Data extracted from a collection
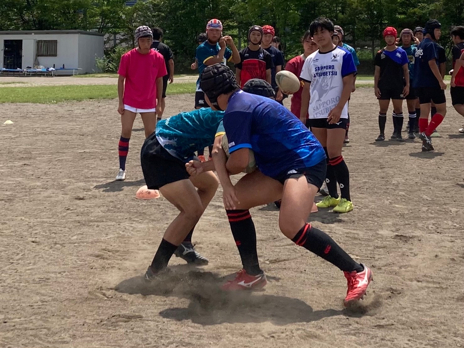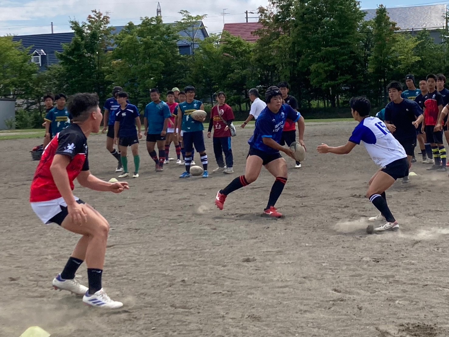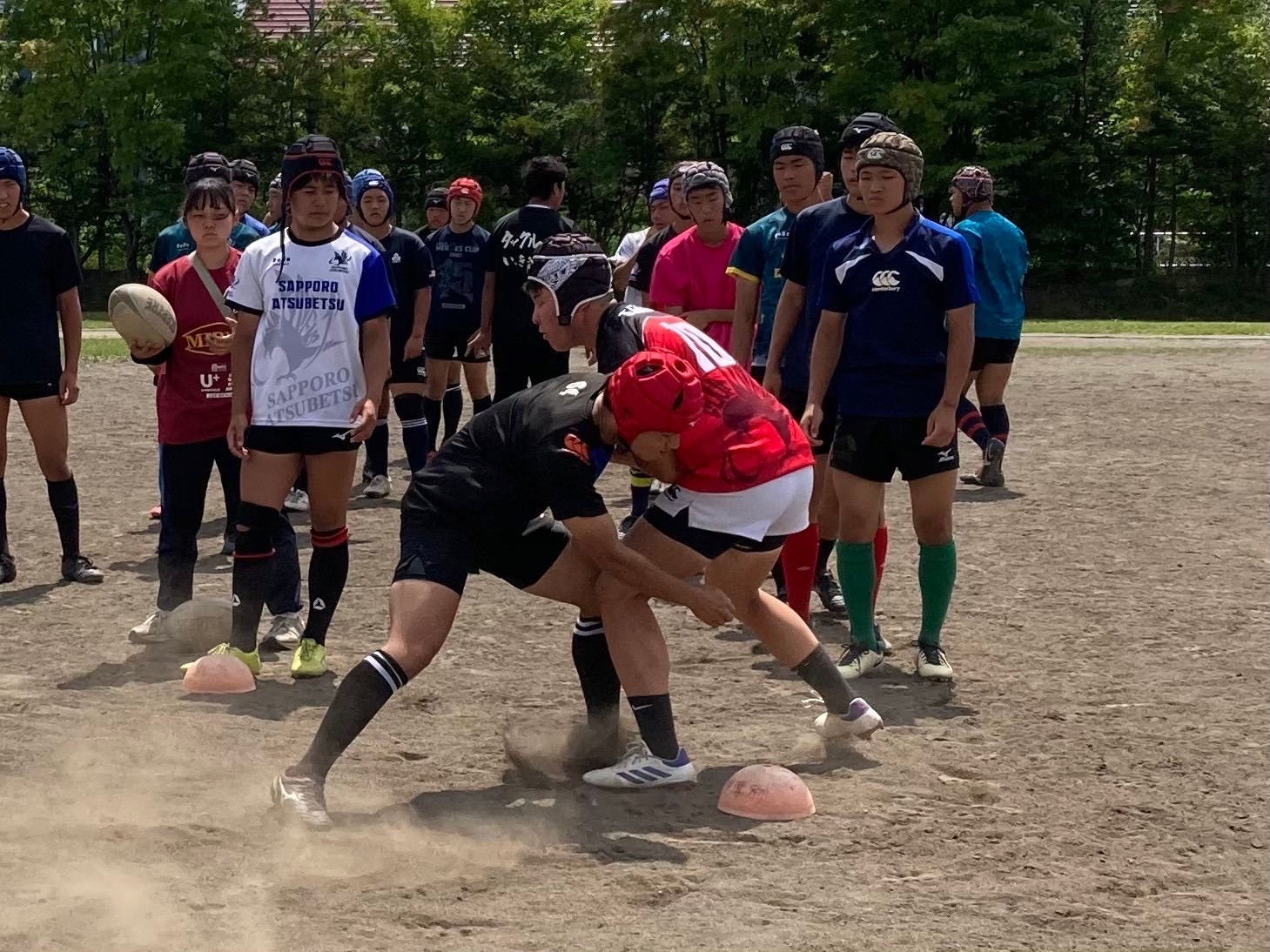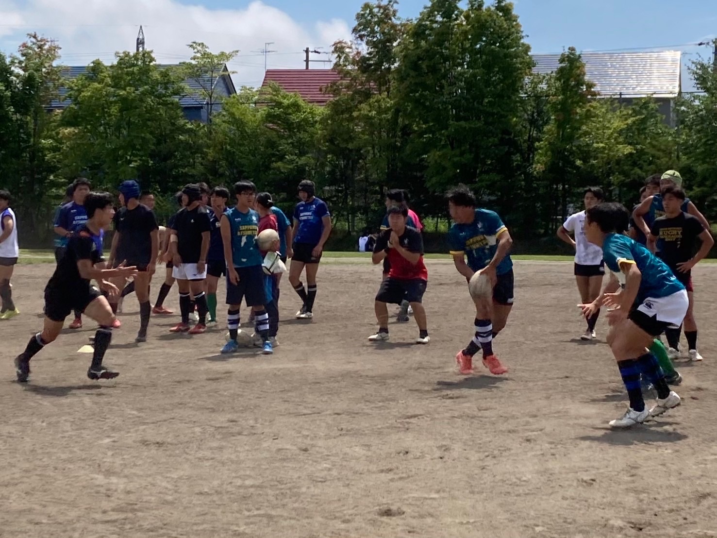 次にユニットを行いました。FWはスクラム、ラインアウトの確認を行いました。BKはアタック・ディフェンス練習を行いました。その後ユニットごとにお互いのディフェンスを行い、戦術を試しました。
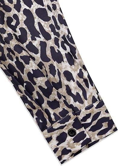 [Material]: The business casual blouse made of Polyester, chiffon feeling fabric and no stretch; very soft and comfy, close to skin [Features]: Dalmation print shirt for women, casual v neck, long sleeve, button down, lapel collar, trendy leopard print / polka dot print / solid color, relaxed fit [Occasion]: Elegant work blouse, with stylish printed pattern, perfect for work, business, office, date, cocktail, club, wedding, holiday, shopping or daily casual wear [Style]: Casual, elegant and cute style, this fashion leopard print top can be worn with denim jeans, skinny pants, shorts, boots and heels in Summer/ Fall/ Winter/ Spring
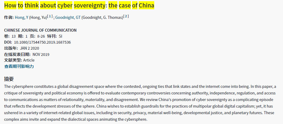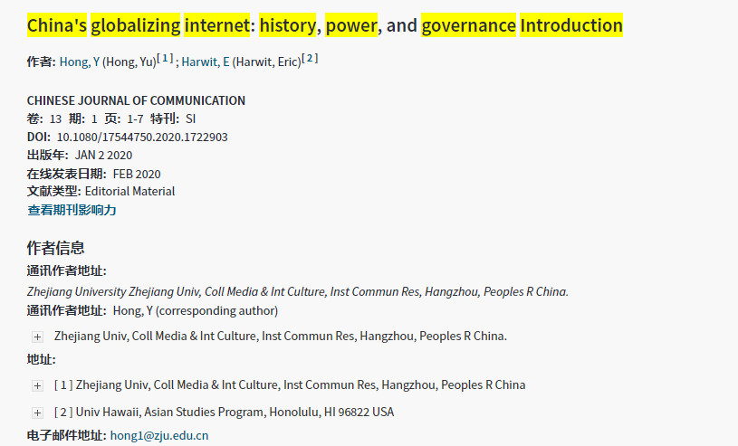 2020-09-02 《CHINESE JOURNAL OF COMMUNICATION 》洪宇、Harwit, EricChina's globalizing internet: history, power, and governance Introduction 更多
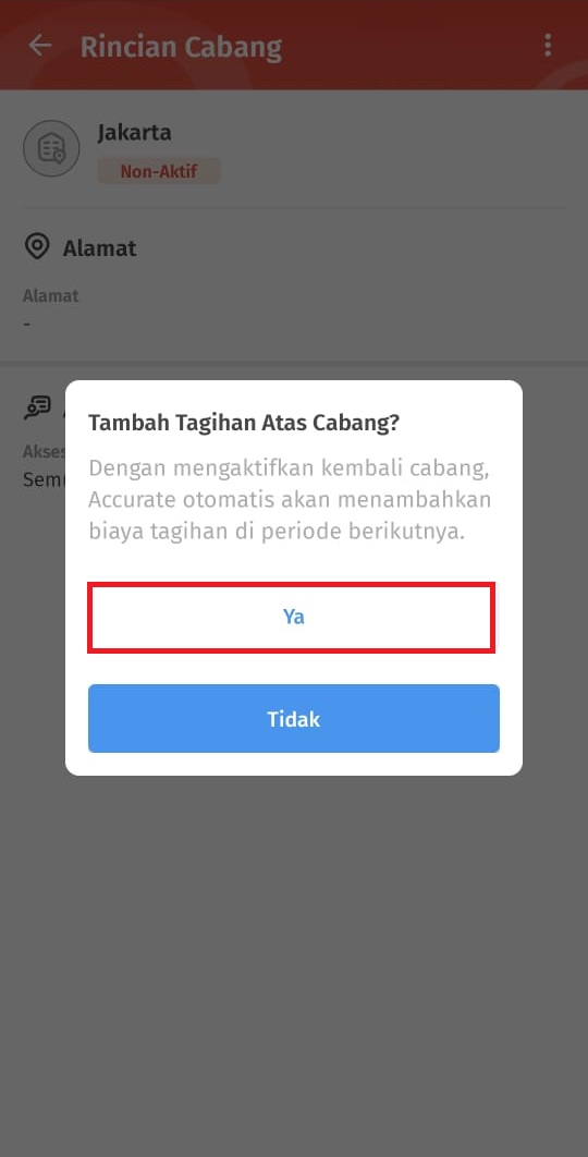 Tekan Ya pada informasi ‘Tambah Tagihan Atas Cabang’
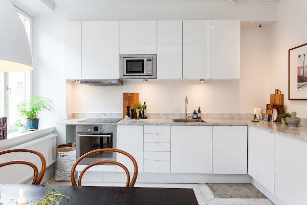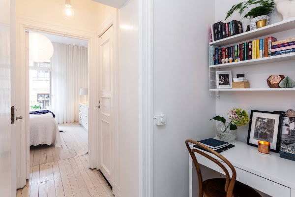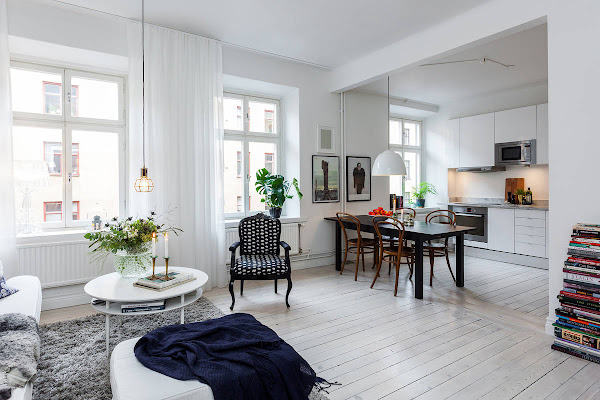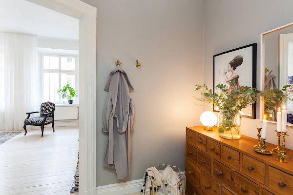 De todas formas la chimenea no es lo único que me ha gustado de este piso de estilo nórdico. Por ejemplo uno de los detalles que mas me han llamado la atención es el mueble cajonera que está en el recibidor. ¡Que vida y que fuerza le da a ese rincón!. Cuando la mirada se te va siempre a un mueble es porque este está cumpliendo muy bien su misión, en este caso llamar la atención hacia una pieza tan interesante como es el. Otro de los detalles con los que me quedo es el uso de la mesa de comedor como separador de ambientes. Sirve perfectamente de transición entre la cocina y el salón, y a su vez sirve de "isla" para la cocina. Vamos una solución muy buena.
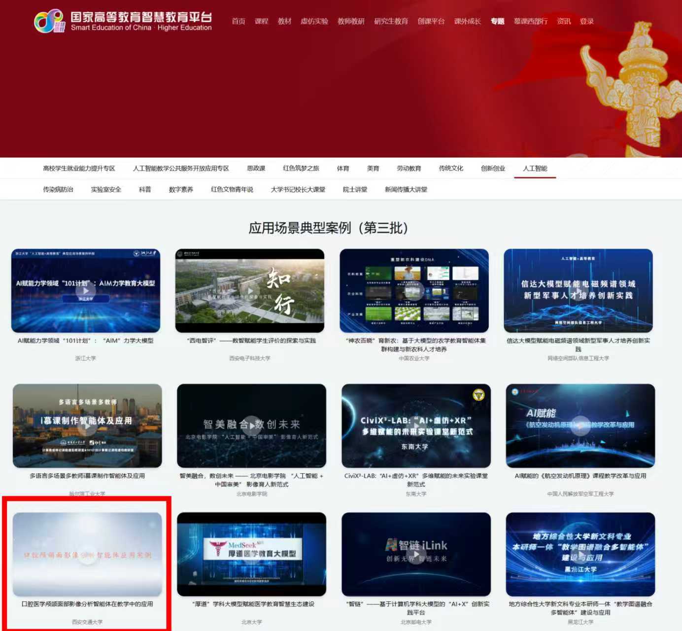 所有案例引见视频正在国度高档教育聪慧教育平台进行推广展现(国度高档教育聪慧教育平台-人工智能专区;)。平台可供给智能化备课、预习、考试、帮教、学伴、客不雅题批阅、视频字幕翻译等功能,通过实施“人工智能先导打算”,开展针对性培训,拓展平台功能模块,截止目前已为25279位师生、4738门课程供给办事,据统计,
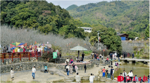 ▲梅花节期间,游客在螺洞世外梅园赏花游玩。

*Task directions*. The copy should match the records above exactly, except that pictures are dropped.

*Reply to the exercise*.
 次にユニットを行いました。FWはスクラム、ラインアウトの確認を行いました。BKはアタック・ディフェンス練習を行いました。その後ユニットごとにお互いのディフェンスを行い、戦術を試しました。
 [Material]: The business casual blouse made of Polyester, chiffon feeling fabric and no stretch; very soft and comfy, close to skin [Features]: Dalmation print shirt for women, casual v neck, long sleeve, button down, lapel collar, trendy leopard print / polka dot print / solid color, relaxed fit [Occasion]: Elegant work blouse, with stylish printed pattern, perfect for work, business, office, date, cocktail, club, wedding, holiday, shopping or daily casual wear [Style]: Casual, elegant and cute style, this fashion leopard print top can be worn with denim jeans, skinny pants, shorts, boots and heels in Summer/ Fall/ Winter/ Spring
 2020-09-02 《CHINESE JOURNAL OF COMMUNICATION 》洪宇、Harwit, EricChina's globalizing internet: history, power, and governance Introduction 更多
 Tekan Ya pada informasi ‘Tambah Tagihan Atas Cabang’
 De todas formas la chimenea no es lo único que me ha gustado de este piso de estilo nórdico. Por ejemplo uno de los detalles que mas me han llamado la atención es el mueble cajonera que está en el recibidor. ¡Que vida y que fuerza le da a ese rincón!. Cuando la mirada se te va siempre a un mueble es porque este está cumpliendo muy bien su misión, en este caso llamar la atención hacia una pieza tan interesante como es el. Otro de los detalles con los que me quedo es el uso de la mesa de comedor como separador de ambientes. Sirve perfectamente de transición entre la cocina y el salón, y a su vez sirve de "isla" para la cocina. Vamos una solución muy buena.
 所有案例引见视频正在国度高档教育聪慧教育平台进行推广展现(国度高档教育聪慧教育平台-人工智能专区;)。平台可供给智能化备课、预习、考试、帮教、学伴、客不雅题批阅、视频字幕翻译等功能,通过实施“人工智能先导打算”,开展针对性培训,拓展平台功能模块,截止目前已为25279位师生、4738门课程供给办事,据统计,
 ▲梅花节期间,游客在螺洞世外梅园赏花游玩。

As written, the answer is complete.